The Third Bay Tradition had nearly run its course by the time Fernau + Hartman were starting to build in the early 1980s, and their work picks up where it left off while also taking on the eclecticism and contextualism of Postmodernism. Importantly, the work is always deeply related to its site and this is a theme that is reflected in the title of the monograph and in the text. The word “improvisation” comes up again and again, and with good reason. There are no predefined solutions, and in many cases individual projects came together over a long period time as the architects got to know both the clients and the site.
Fernau and Hartman’s satellite office (known as the “Bucket of Blood”) in small town Montana makes it in the book and is one of the stronger examples of their improvisational style, even though it doesn’t quite fit in with the larger rural residential projects that dominate the volume. It does what the writing says it should be doing: it is a bit rough around the edges, works remarkably well in its location on a small-town retail strip, and is sustainable in a number of ways, including reusing demolition materials to build out the interior.
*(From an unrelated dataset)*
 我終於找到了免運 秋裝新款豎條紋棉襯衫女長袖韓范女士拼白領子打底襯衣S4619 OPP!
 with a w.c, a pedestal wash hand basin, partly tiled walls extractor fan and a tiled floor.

It’s a Montana building done with a California sensibility on a reasonable budget.
A collection of short essays by Daniel P. Gregory, Beth Dunlop and others help to set the context for the built work. The bulk of the content is studies of individual projects spanning from the mid-1980s to the present. The earlier houses are simpler and more eccentric, while the later homes near the end of the book are more polished and expensive but all show the same determined focus on connecting the buildings with their occupants and their sites.
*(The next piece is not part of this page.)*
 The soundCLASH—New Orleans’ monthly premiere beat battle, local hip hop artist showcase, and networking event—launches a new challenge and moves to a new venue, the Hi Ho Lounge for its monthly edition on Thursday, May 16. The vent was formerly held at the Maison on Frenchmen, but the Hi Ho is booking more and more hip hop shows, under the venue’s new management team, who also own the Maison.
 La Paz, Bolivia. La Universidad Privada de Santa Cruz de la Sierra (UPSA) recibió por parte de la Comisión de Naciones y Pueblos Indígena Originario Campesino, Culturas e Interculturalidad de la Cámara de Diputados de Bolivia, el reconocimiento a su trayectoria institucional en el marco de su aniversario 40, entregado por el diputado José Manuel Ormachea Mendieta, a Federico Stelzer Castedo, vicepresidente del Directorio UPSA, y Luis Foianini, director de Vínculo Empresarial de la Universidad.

The line between a Monograph (often thought of as a glossy coffee table picture book) and a Manifesto (something ranty, possibly photocopied and hand-stapled and distributed on street corners) is often blurred in the architectural world. Fernau + Hartman haven’t set out a grand theory on how architecture must be done. That’s Patrik Schumacher’s territory. Nor have they simply compiled a collection of pretty photos, rather it is a collection of stories and the story of a how a firm thoughtfully evolved not only their own work but the project of California modernism over several decades’ time. The buildings are imbued with the philosophy of the authors, but are not rigidly defined by it.
In the end, if you’re interested in West Coast Architecture and understanding one of the key California firms that has been working here day in and out for the past three-plus decades, pick up a copy. If I had to suggest there is an omission, it would be Richard’s first built project, a postmodern hot dog shop I believe was called “Franks for the Memories.” I guess they can save that one for the next book.